Most of the time, initializing your array with zeros if you don't know yet the values is working fine though.

In [13]:
np.empty((2, 3), dtype=int)

array([[4604033229077644034, 4602940868183708537, 4606045698389120462],
       [4594407365255368136, 4592415273141817280, 4599825920658358526]])

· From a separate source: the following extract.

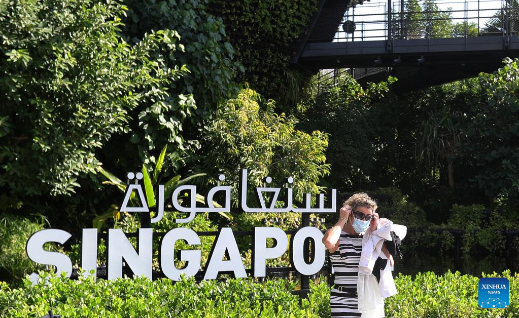 A tourist poses for photos in front of the Singapore Pavilion of the Expo 2020 Dubai in Dubai, the United Arab Emirates, on Jan. 11, 2022. (Xinhua/Wang Dongzhen)

## Creating an array from a list
It is also possible to create a NumPy array from a Python list.
It does not break the rule of not mixing Python with NumPy if you do it only once at the beginning of your program.
All the data will be copied from the Python data structure to the memory allocated with NumPy.

In [14]:
my_list = [1, 2, 3, 4, 5]
my_array = np.array(my_list)
print(type(my_list), my_list)
print(type(my_array), my_array)


<class 'list'> [1, 2, 3, 4, 5]
<class 'numpy.ndarray'> [1 2 3 4 5]


Remember that all the elements of the list must be of the same type.
If it is not the case, but the types are compatible, NumPy will convert all elements to the more permissible types (for example, integers will be converted to floats).

In [15]:
integer_list = [0, 1, 2, 3, 4, 5]
integer_array = np.array(integer_list)
print(integer_array)
print(integer_array.dtype)

[0 1 2 3 4 5]
int64


In [16]:
mixed_list = [0.5, 1, 2, 3, 4, 5]
float_array = np.array(mixed_list)
print(float_array)
print(float_array.dtype)

[0.5 1.  2.  3.  4.  5. ]
float64


If one of the elements is a string, all the elements will be converted to strings.
This will limit the operations you can do with the array.

In [17]:
mixed_list2 = [0.5, 1, 2, 3, 4, "5"]
str_array = np.array(mixed_list2)
print(str_array)
print(str_array.dtype)

['0.5' '1' '2' '3' '4' '5']
<U32


It's a good idea to check the `dtype` of your array to make sure it is what you expect.

You can also create a 2D array from a list of lists. In that case, all the nested lists must have the same length, else NumPy will raise an error.

In [18]:
nested_list = [[1, 2, 3], [4, 5, 6]]
array_2d = np.array(nested_list)
print(array_2d)
print(array_2d.dtype)

[[1 2 3]
 [4 5 6]]
int64


In [19]:
nested_list2 = [[1, 2, 3], [4, 5, 6], [7, 8]]
np.array(nested_list2)

ValueError: setting an array element with a sequence. The requested array has an inhomogeneous shape after 1 dimensions. The detected shape was (3,) + inhomogeneous part.

## Loading a file

You can load some data from disk thanks to various functions provided by NumPy.

For CSV files:

In [20]:
data = np.loadtxt(fname="../data/simple_array.csv", delimiter=",")

In [21]:
print(data)

[[ 0.5  1.5  2.5  3.5  4.5]
 [ 1.   2.   3.   4.   5. ]
 [11.  12.  13.  14.  15. ]
 [21.  22.  23.  24.  25. ]
 [31.  32.  33.  34.  35. ]
 [41.  42.  43.  44.  45. ]
 [51.  52.  53.  54.  55. ]
 [61.  62.  63.  64.  65. ]
 [71.  72.  73.  74.  75. ]
 [81.  82.  83.  84.  85. ]]


The function `np.loadtxt` takes two parameters: the path to the file you want to load, and the character that delimits values on a same line ("," for a csv). Both of these parameters are strings.

We can check the `dtype` of the data we loaded, as well as the shape (the dimensions) of the array.

In [22]:
print(data.dtype)

float64


In [23]:
print(data.shape)

(10, 5)


CSV format is great because it's human-readable, but sometimes you care more about having something efficient.

For exemple, you might want to save an intermediate result and load it again later when you work again on the project. NumPy provides its own binary file format to store efficiently arrays on disk.

In [24]:
np.save("../data/simple_array.npy", data)

You can load again the data with `np.load`, giving as parameter the path to the `npy` file.

In [25]:
data_reloaded = np.load("../data/simple_array.npy")

Let's check that the data is still the same after being reloaded from disk.

In [26]:
print(data_reloaded)

[[ 0.5  1.5  2.5  3.5  4.5]
 [ 1.   2.   3.   4.   5. ]
 [11.  12.  13.  14.  15. ]
 [21.  22.  23.  24.  25. ]
 [31.  32.  33.  34.  35. ]
 [41.  42.  43.  44.  45. ]
 [51.  52.  53.  54.  55. ]
 [61.  62.  63.  64.  65. ]
 [71.  72.  73.  74.  75. ]
 [81.  82.  83.  84.  85. ]]


In [27]:
print(data_reloaded.dtype)

float64


In [28]:
print(data_reloaded.shape)

(10, 5)


NumPy also provides options to save several arrays in the same file, and use compression if you are handling very large data, but we won't need that today.